* generic/204 failure due to e88b64e xfs: use generic percpu counters for free inode counter
@ 2015-04-28 16:56 Eryu Guan
2015-04-28 20:49 ` Dave Chinner
0 siblings, 1 reply; 3+ messages in thread
From: Eryu Guan @ 2015-04-28 16:56 UTC (permalink / raw)
To: xfs; +Cc: xuw2015
Hi,
I was testing v4.1-rc1 kernel and hit generic/204 failure on 512b block
size v4 xfs and 1k block size v5 xfs.

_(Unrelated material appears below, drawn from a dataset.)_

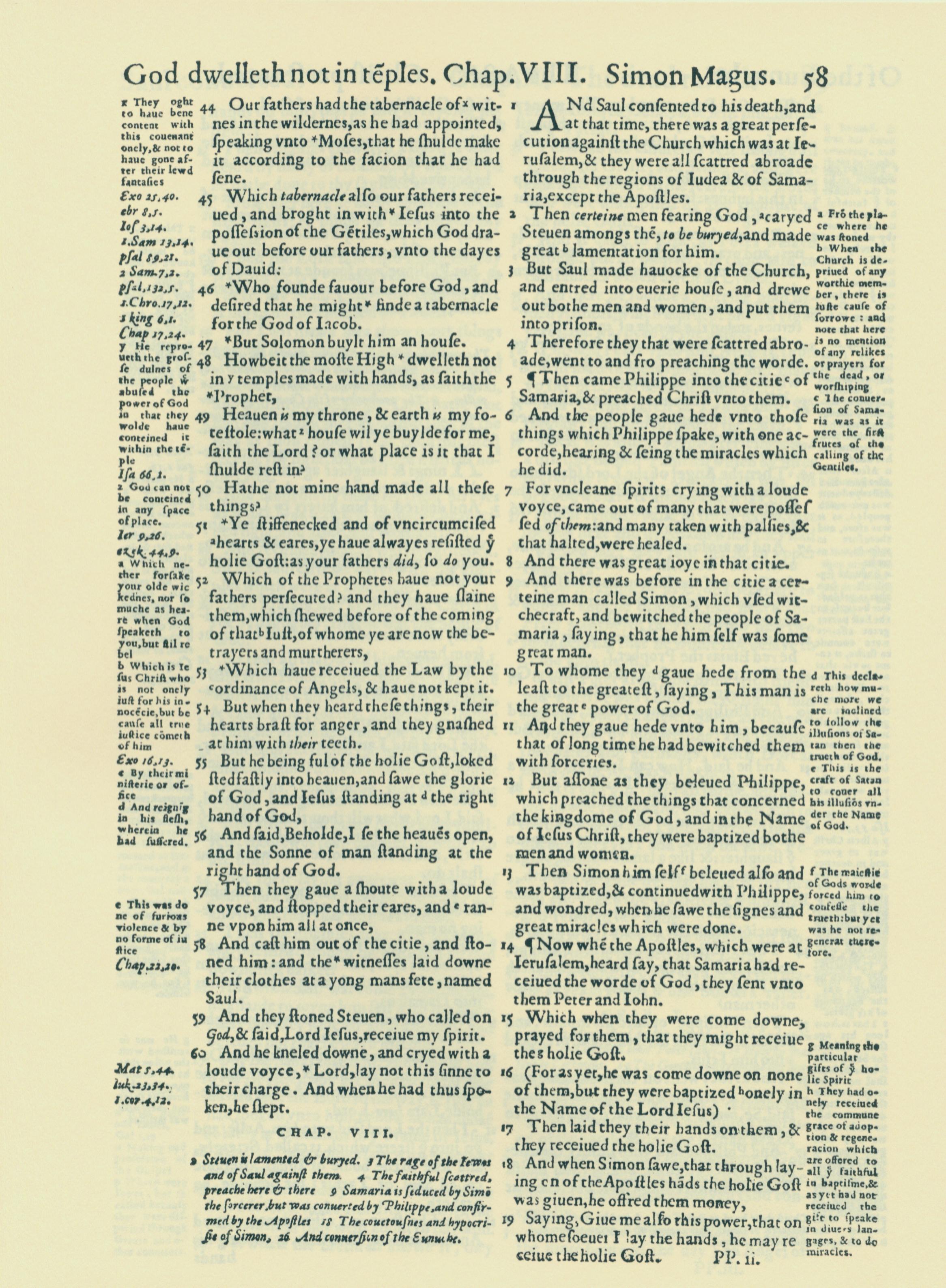 1560年THE BIBLE AND HOLY SCRIPTURES 使徒行傳 7 章 44 節到 8 章 19 節

And this seems to be a regression
since v4.0
[root@dhcp-66-86-11 xfstests]# MKFS_OPTIONS="-b size=512" ./check generic/204
FSTYP -- xfs (non-debug)
PLATFORM -- Linux/x86_64 dhcp-66-86-11 4.0.0-rc1+
MKFS_OPTIONS -- -f -b size=512 /dev/sda6
MOUNT_OPTIONS -- -o context=system_u:object_r:nfs_t:s0 /dev/sda6 /mnt/testarea/scratch
generic/204 8s ... - output mismatch (see /root/xfstests/results//generic/204.out.bad)

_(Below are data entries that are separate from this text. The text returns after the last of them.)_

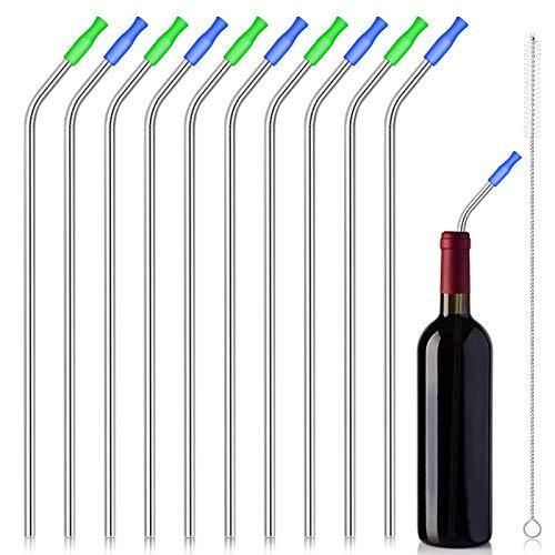 10 Pieces 14 Inch Stainless Steel Straw 100 oz Drinking Straw with 10 Silicone T
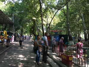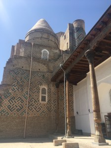 Even though it was long and another stinking hot day, I couldn’t resist going see the Registan again as soon as we arrived!!! We are grateful we have seen this place before in all its glory because it was closed when we arrived for the rehersals of the Music Festival dance routines in a few weeks, with huge platforms, light structures etc. Visiting hours have been reduced to 11am to 4pm. When I visited it again the next day, it didn’t have the same peaceful feel I had remembered from our first visit. It felt more like a work site. I still enjoyed seeing it close up though – the workmanship, the colours, sheer beauty, majesty, balance, and even the serenity was still there in places. I felt sorry for first time tourists though. I went back again the next day for a leisurely stroll. Here are a few photos – I had to restrain myself!!
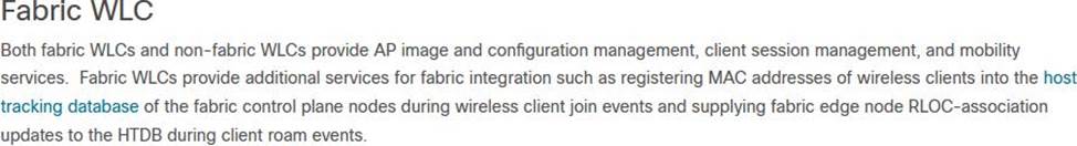 - B . Fabric WLCs update the HTDB as new clients connect to the wireless network
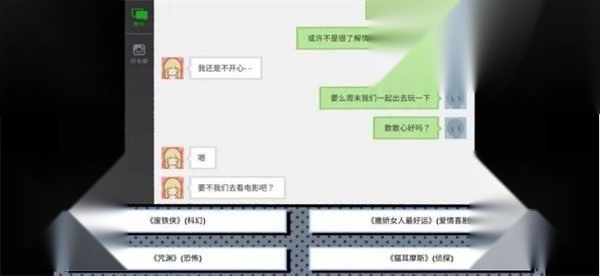 聊天前,要查看她的朋友圈(注意在约会看电影前如果不看朋友圈,就不会有喵尔么斯这个选项,进而无法达成完美结局)
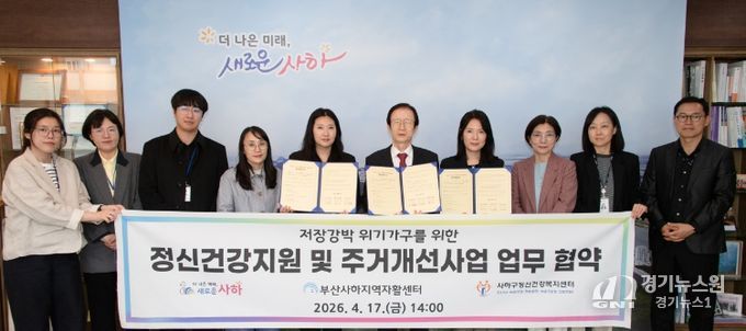 [경기뉴스원/경기뉴스1] | 부산 사하구는 지난 17일 사하구정신건강복지센터(센터장 최경아), 부산사하지역자활센터(센터장 이해중)와 ‘저장강박 위기가구 지원을 위한 업무협약’을 체결했다.
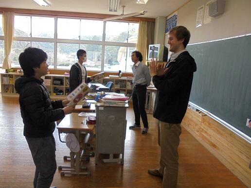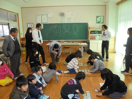 1時間目は5,6年生、2時間目は4年生の外国語活動の授業に入ってもらいました。
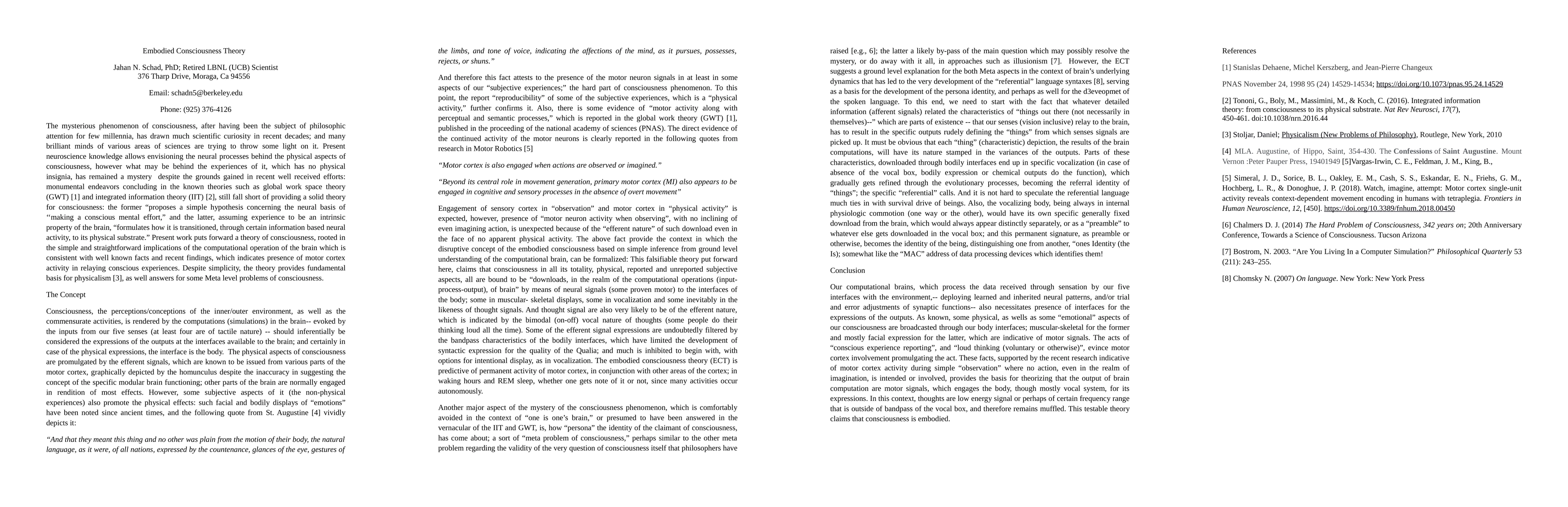 The Embodied Consciousness Theory proposes that the motor cortex plays a key role in relaying conscious experiences, offering a straightforward explanation consistent with recent neuroscience findings and addressing fundamental physicalism and meta-level consciousness problems.

--- tests/generic/204.out 2014-12-11 00:28:13.409000000 +0800
+++ /root/xfstests/results//generic/204.out.bad 2015-04-29 00:36:43.232000000 +0800
@@ -1,2 +1,37664 @@
QA output created by 204
+./tests/generic/204: line 83: /mnt/testarea/scratch/108670: No space left on device
+./tests/generic/204: line 84: /mnt/testarea/scratch/108670: No space left on device
...
I bisected to this commit
e88b64e xfs: use generic percpu counters for free inode counter
Seems like the same issue this patch tries to fix, but test still fails
after applying this patch.
[PATCH v2] xfs: use percpu_counter_read_positive for mp->m_icount
http://oss.sgi.com/archives/xfs/2015-04/msg00195.html
Not sure if it's the expected behavior/a known issue, report it to the
list anyway.
Thanks,
Eryu
_______________________________________________
xfs mailing list
xfs@oss.sgi.com
http://oss.sgi.com/mailman/listinfo/xfs
^ permalink raw reply [flat|nested] 3+ messages in thread
* Re: generic/204 failure due to e88b64e xfs: use generic percpu counters for free inode counter
2015-04-28 16:56 generic/204 failure due to e88b64e xfs: use generic percpu counters for free inode counter Eryu Guan
@ 2015-04-28 20:49 ` Dave Chinner
2015-04-30 6:57 ` Eryu Guan
0 siblings, 1 reply; 3+ messages in thread
From: Dave Chinner @ 2015-04-28 20:49 UTC (permalink / raw)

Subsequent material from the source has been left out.